Prove $\Bbb{N}$ is infinite from Peano axioms

Question

Let there be a set $\Bbb{N}$ defined by these 3 axioms:

There exists a set $\Bbb{N}$ such that $1\in \Bbb{N}$ and a function $s:\Bbb{N}\rightarrow\Bbb{N}$ satisfying these properties:

$$\not\exists n\in\Bbb{N}:s(n)=1 \tag{i}$$ $$s \text{ is injective} \tag{ii}$$ $$\text{Let $G\subseteq\Bbb{N}$ be a set. Suppose $1\in G$.Then if $g\in G\Rightarrow s(g)\in G$ holds, then $G=\Bbb{N}$}\tag{iii}$$ What I am looking for is to prove that $\Bbb{N}$ is in fact infinite. In the book "The Real Numbers and Real Analysis" from E.D.Bloch there is following "explanation" given.

Suppose $\Bbb{N}$ is finite. $\Bbb{N}=\{1,p\}$.

Let $s:\Bbb{N}\rightarrow\Bbb{N}$ be defined as follows: $s(1)=p,s(p)=p$. We see that in this case our triplet $(\Bbb{N},1,s)$ doesn't satisfy ii).

Let $s:\Bbb{N}\rightarrow\Bbb{N}$ be defined in other way: $s(1)=p, s(p)=1$. In this case, the triplet $(\Bbb{N},1,s)$ doesn't satisfy i).

This "proof" seems very incomplete to me. Can i actually assume without loss of generality that if $\Bbb{N}$ is finite, then it has only 2 elements? It seems clear that if $s$ must be an injection and $\forall n\in\Bbb{N}:s(n)\neq1$. Then, if $\Bbb{N}$ had finite amount of elements, say $n$, we must always have "some next element to point the $s(n)$ to", but I would like a rigorous mathematical proof of that.

Answer 1

The proof of your book shows the method to prove $\mathbb N$ is infinite. With more detail, you should suppose $\mathbb N=\{1,2,3,\dots, n\}$ and get a contradiction simply as follows: by (i) theres is no $m\in\mathbb N$ such that $s(m)=1$. So that, $1\notin\operatorname{im} s \subseteq \mathbb N$. Hence, you have to find an injection from a set with $n$ elemenets into a set with at most $n-1$ elements, which is impossible. The concluison is that if $\mathbb N$ is finite axiom (ii) is violated.

Answer 2

He's doing a proof by induction.

That $1 \in \mathbb N$ means $\{1\}\subset \mathbb N$. And $s:\mathbb N\to \mathbb N$ says that $s(1)$ exists.

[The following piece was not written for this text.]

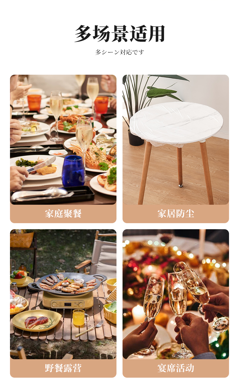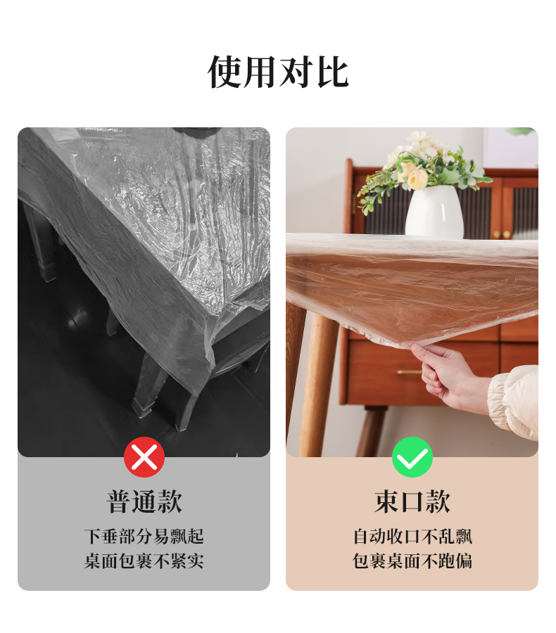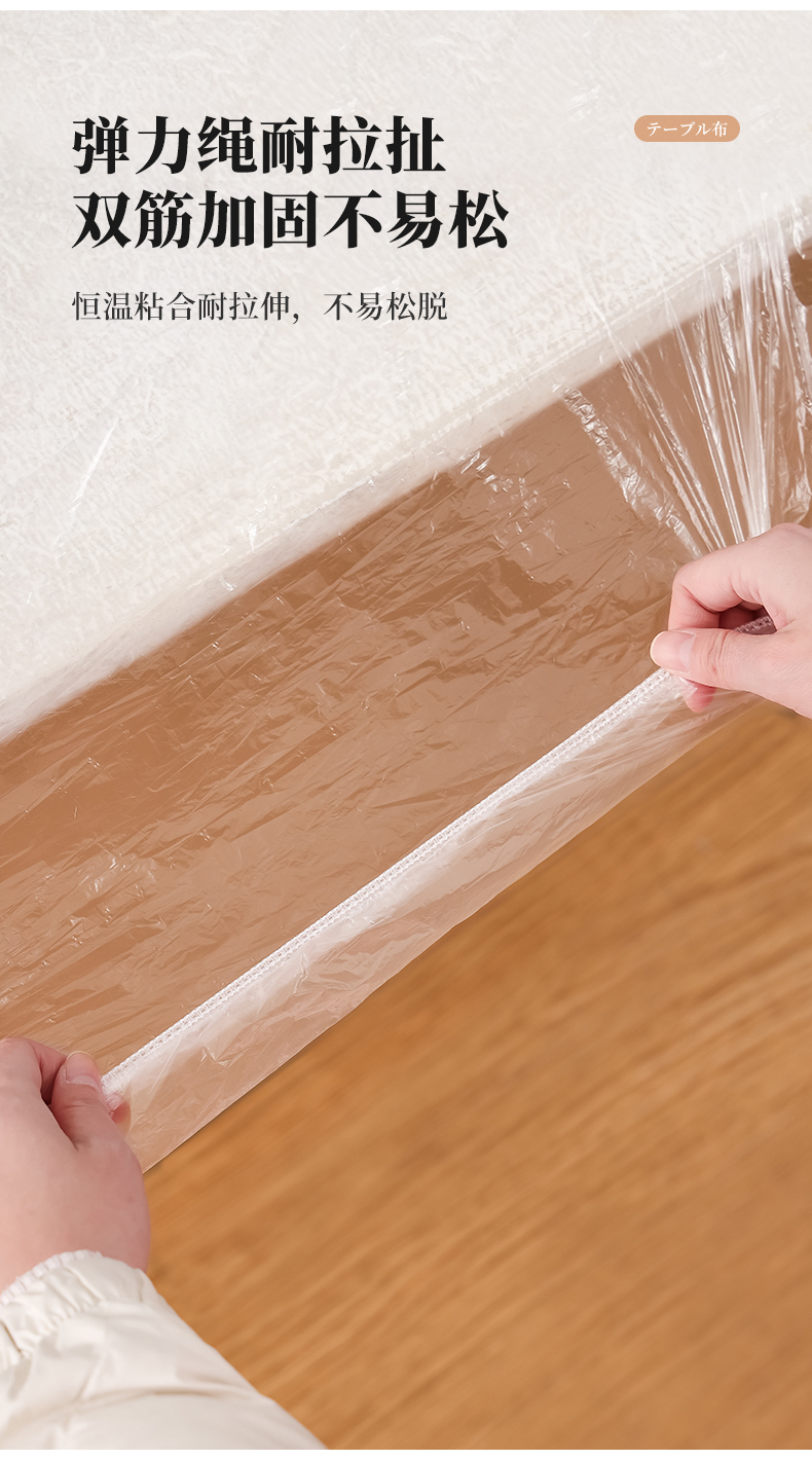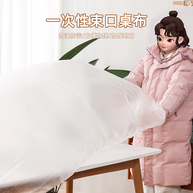 一次性束口桌布120*160cm(10只装) 一次性束口桌布带松紧防水防油免洗加厚食品级聚餐酒席塑料膜桌布

Axiom a: says $s(1)\ne 1$. Let's label this as $p_1=s(1)$. So $\{1, p_1\} \subset \mathbb N$ and $\{1\}\subsetneq \mathbb N$..

Now $s(p_1)$ must exist. But Axiom a: says $s(p_1) \ne 1$ and Axiom b: says $s(p_1) \ne p_1$. Let's label this as $p_2$. So $\{1,p_1,p_2\} \subset \mathbb N$ and $\{1,p_1\}\subsetneq \mathbb N$.

Propostion: For any $n$ in... well, for any number that we can count [!!!] there is $N_k\subsetneq \mathbb N$ where $N_k =\{1,p_1=s(1), p_2=s(p_2), ... p_k=s(p_{k-1})\}$. And as $N_k\subsetneq \mathbb N$ then $\mathbb N$ must have at least as many elements as $N_k$ which has $k$ elements and therefore $\mathbb N$ can not have any finite number of elements.

Pf: By axiom b: $s(p_k)\not \in N_k$.

So that's that.

But.... it's circularly pointless to call this a formal proof. This axiom declares the natural numbers exists so how can I use them in an induction proof.

And the word "infinite" hasn't been well defined.

But it does show us that that natural numbers behave with the properties that an infinite set ought to. And further if we define a set $G$ as "infinite" if there exists an injective $f:\mathbb N \to G$, then that will be a valid definition. (I think. We still don't have a definition for "finite" and if we define "finite" as such an injection does not exist it might be hard to prove that to mean what ... we think it means. We can do it, but it's not as straightforward as we'd like.)